COVID-19 impact on forthcoming general meetings in Australia
The impact of COVID-19 on Annual General Meetings (AGMs) and actions you should be taking
The COVID-19 public health situation presents a broad range of challenges for public companies. The outbreak will have a negative impact on the global economies, potentially leading to the lowest GDP growth in Australia since 1991-92. On Wednesday, 18 March 2020 the Prime Minister, Mr Scott Morrison, announced that non-essential gatherings of more than 500 people outdoors, and 100 people indoors, have been banned effective immediately.
An immediate governance issue for public companies is what to do in relation to forthcoming general meetings. In this context, some points to consider are:
Requirement for AGMs: There is an immediate issue for companies with a 31 December 2020 balance date, as they are required under the Corporations Act to hold their AGMs within 5 months after the end of their financial years (i.e., by the end of May 2020). ASIC has power to extend this period on a case by-case basis only. We understand that ASIC is considering whether to make a general policy pronouncement to the effect that it will not take any action in relation to companies currently facing the problem of having to hold an AGM, but strictly speaking this will not fix the problem for companies, and it will not fix any breach of the company's constitution that may result from not holding the AGM in accordance with the Corporations Act.

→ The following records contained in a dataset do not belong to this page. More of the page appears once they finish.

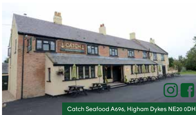
Catch Seafood A696, Higham Dykes NE20 0DH

27 Broadway, Darras Hall, Newcastle, NE20 9PW Tel: 01661 820 700 | www.dulais.com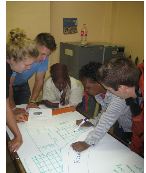
Figure 10: Co-researchers Designing WaSHUp Additions

residents were opposed to non-flush toi-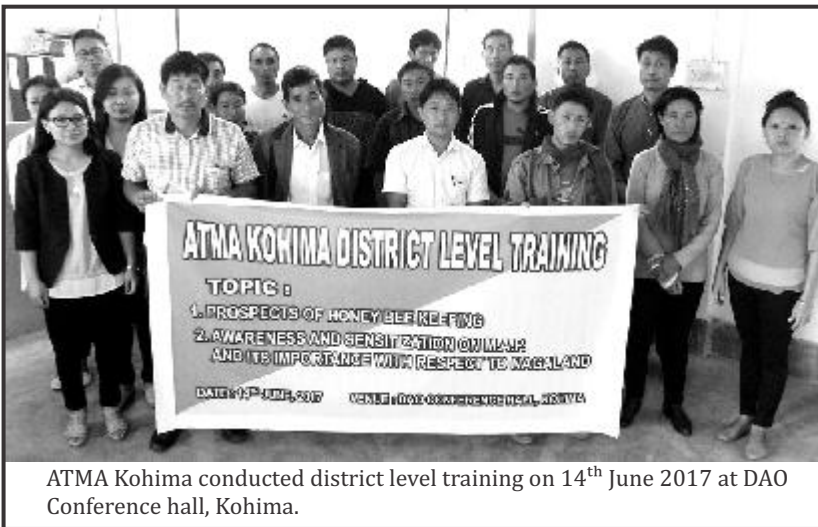
ATMA Kohima conducted district level training on 14 th June 2017 at DAO Conference hall, Kohima.

his keynote address said that honey bee has many utility to us as it can also create avenues for employment. Nagaland being a biodiversity hot spot has numerous medicinal and aromatic plants yet to be researched. Hence, an awareness and sensitization on MAP and its importance with respect to Nagaland needs to be shared.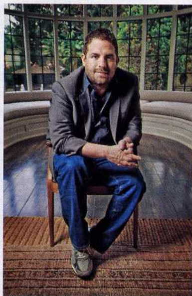
▲ Brand-minded filmmaker Brett Ratner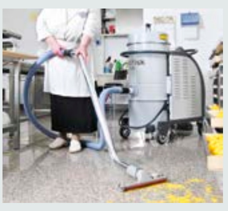
Collection of pasta, flour and sugar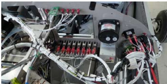
The fledgling displays it's well constructed and very neat nervous system.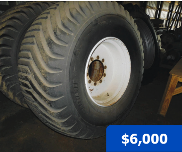
Alliance Turf tires, (4) Alliance turf tires. Will fit any Prowler. 850/50-30.5. (Sikeston, MO) BROKERED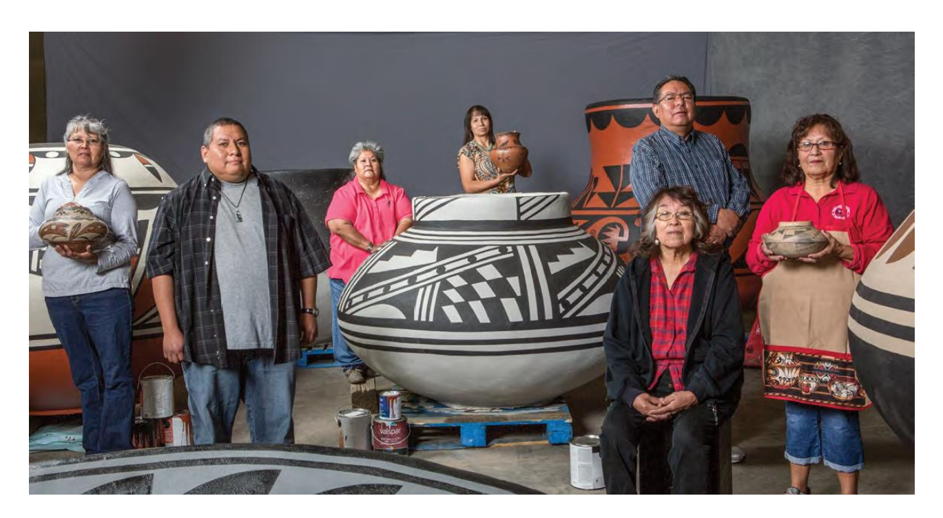
An image of the subject print.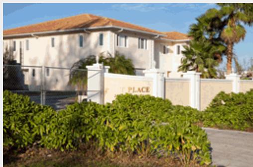
3000 Sq ft refurbished Canal front Condo now $275,000 in Freeport GB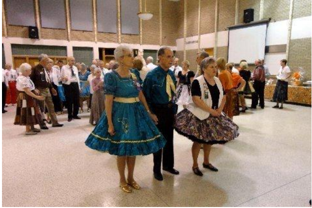
Lining up for the Grand March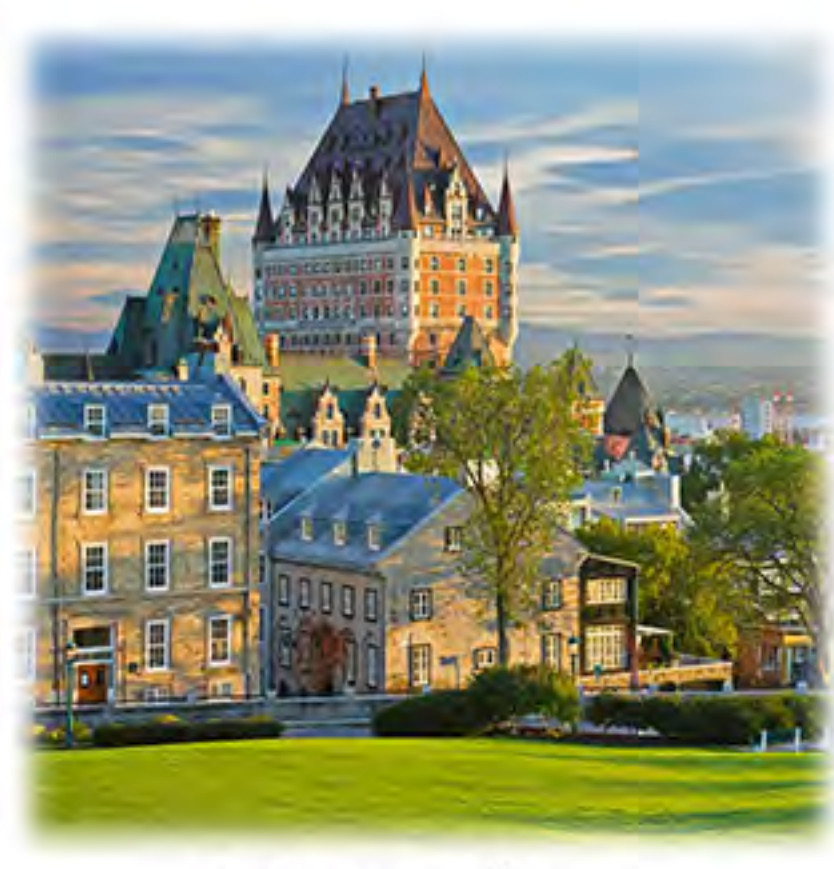
Canada: Montreal / Quebec delivery 2nd quarter 2018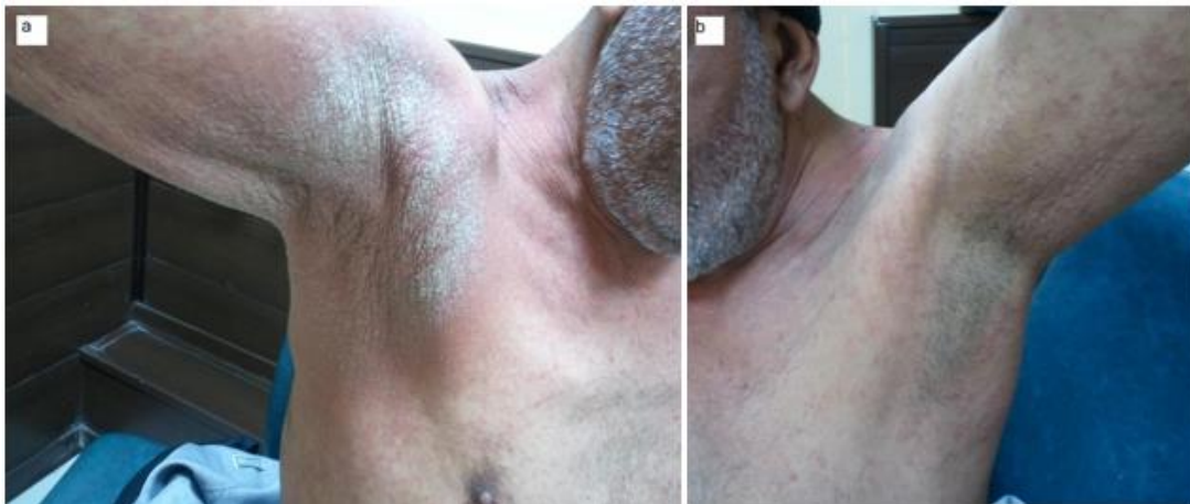
Fig. 1: Scabies lesions in immune- compromised patient, in Ahvaz city, Southwest Iran in 2015 (a: Right armpit, b: left armpit)

der with severe rash, hyperkratosis, and itching over his thigh, buttock and legs (Fig. 2). The patients were referred to Iran-Zamin Medical Diagnostic Laboratory, Ahvaz, Southwest Iran in 2015 for fungal examination. Scraping was performed from lesions of the skin and pathologic slide was prepared with 20% KOH. In microscopic examination presented huge infestation of S. scabiei in all forms of parasite included adult female, nymph stage and eggs (Figs. 3 and 4). The first patient's spouse was also infested by Sarcoptes in mild clinical signs. The disease was diagnosed as Norwegian scabies and the patients were successfully treated with topical ointment of 5% permethrin for two consecutive weeks.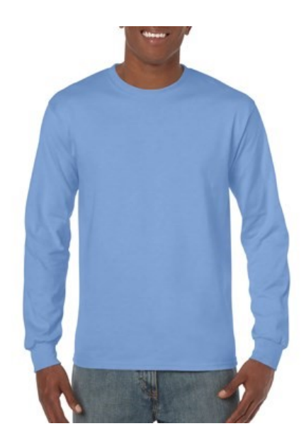
Carolina Blue Available sizes: small- 3x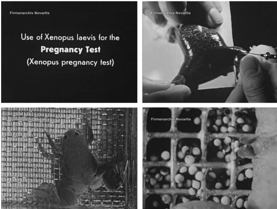
Figure 1. Screen captures from The South African Clawed Toad (Rolf Meier, c.1946) showing (from top left to bottom right): title card, urine injection, test toad and an ‘extremely positive reaction’. The wire mesh, clearly visible in the bottom left image, was used in some laboratories to prevent the toad from ruining the test by devouring her own eggs.

Both films were made for doctors by doctors. The general public remained more or less in the dark about the use of animals in pregnancy testing. 18 Women’s magazines and pregnancy advice manuals occasionally mentioned bioassays in the 1930s and 1940s, but typically discouraged pregnancy testing as an expensive luxury. 19 Only in 1961 did the popular magazine Woman endorse the toad test as a ‘modern scientific achievement’, and then only in response to concerns about Primodos, a controversial pregnancy-test drug that induced uterine bleeding and was suspected of causing miscarriages and birth defects. 20 Medical discretion gave way to open public debate in 1965, when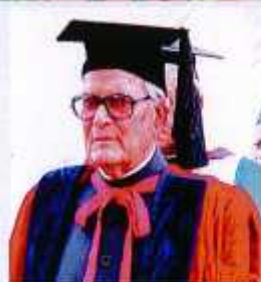
89 th Convocation – 2007 Hon'ble Vice-President of India Shri Bhairon Singh Shekhawat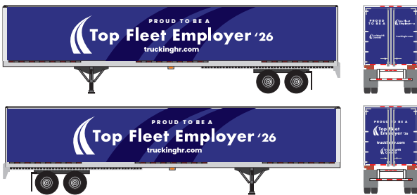
2 SIDES & REAR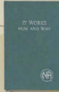
The first gift edition of It Works

We put out our first Braille literature this year. IP#1. IP#1 is published in Brazilian as well. The gift edition of It Works comes out. Eighteen-month and multiple-year keytags are produced.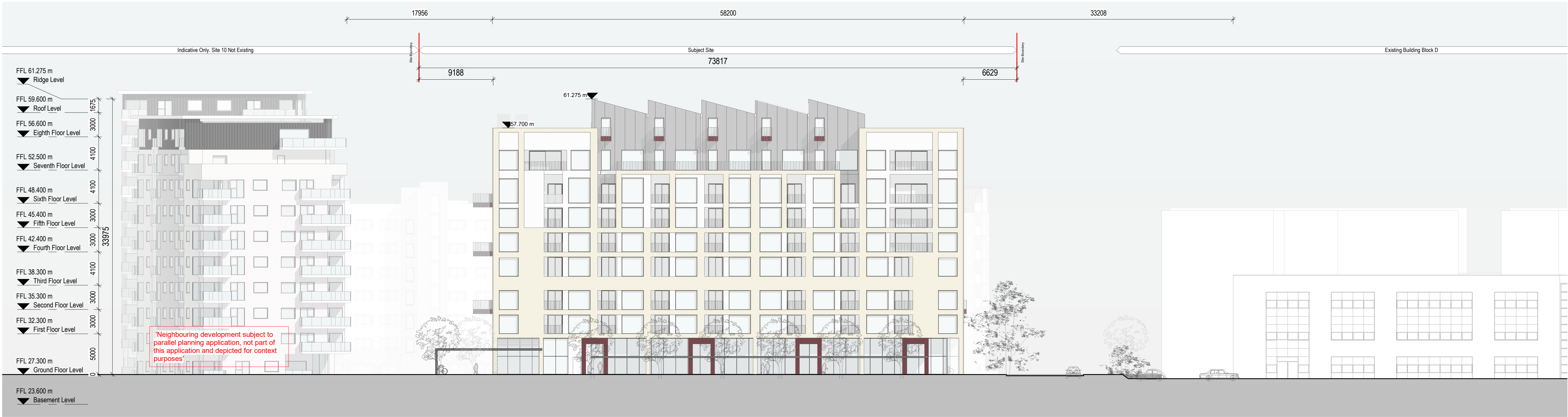
2 West Contiguous Elevation 1 : 250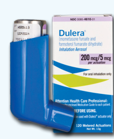
Dulera mometasone furoate, formoterol fumarate 200mcg/5mcg Merck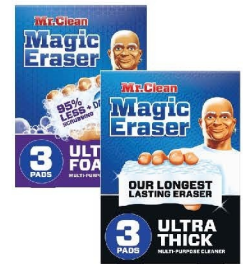
Mr. Clean Ultra Magic Eraser Selected Varieties 3 Count Package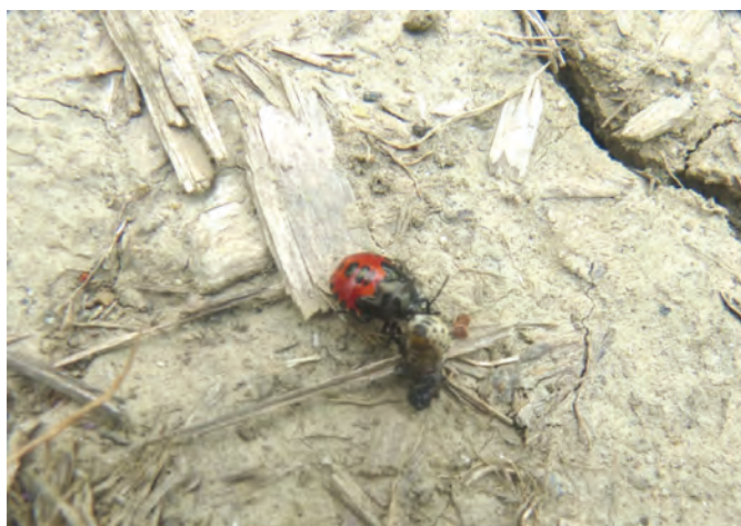
Figure 4a . Early instar nymph (the 4 th stage of development) of Zicrona caerulea preying a larva of M. populi (original).

Zicrona caerulea can reach an adult size of about 5–8 millimetres (0.20–0.31 in). The body is uniformly metallic blue-green (latin name caerulea , is blue). In the immature stage, the abdomen is red with black markings. These bugs are useful predators of leaf beetles in the genus Altica (BUG GUIDE), of larvae of various beetles and caterpillars of moths, but it also feeds on plants. Eggs are laid in spring. New adults of this univoltine species can be found from July onwards. This bug overwinters as an adult.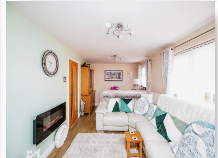
Glen view Harlington Road, Mexborough S64 0LD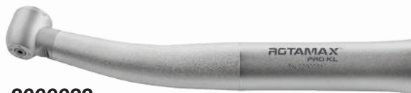
2000022 Rotamax™ Pro KL - Torque Head • Kavo Type Back End

Extending the 5 month period: Consequently, a company must apply for an extension before the expiry of the 5 month period. Not unexpectedly, ASIC's existing published policy on when it may grant extensions (Regulatory Guide 44) does not deal specifically with extensions for public health reasons. However, it does say that ASIC may exercise its discretion where it is persuaded that the inability of the company to hold its AGM on time is due to factors beyond its control, or that it is in the interests of the shareholders to do so. We understand that ASIC has already received a number of applications. One would hope ASIC will readily grant extensions in the current environment.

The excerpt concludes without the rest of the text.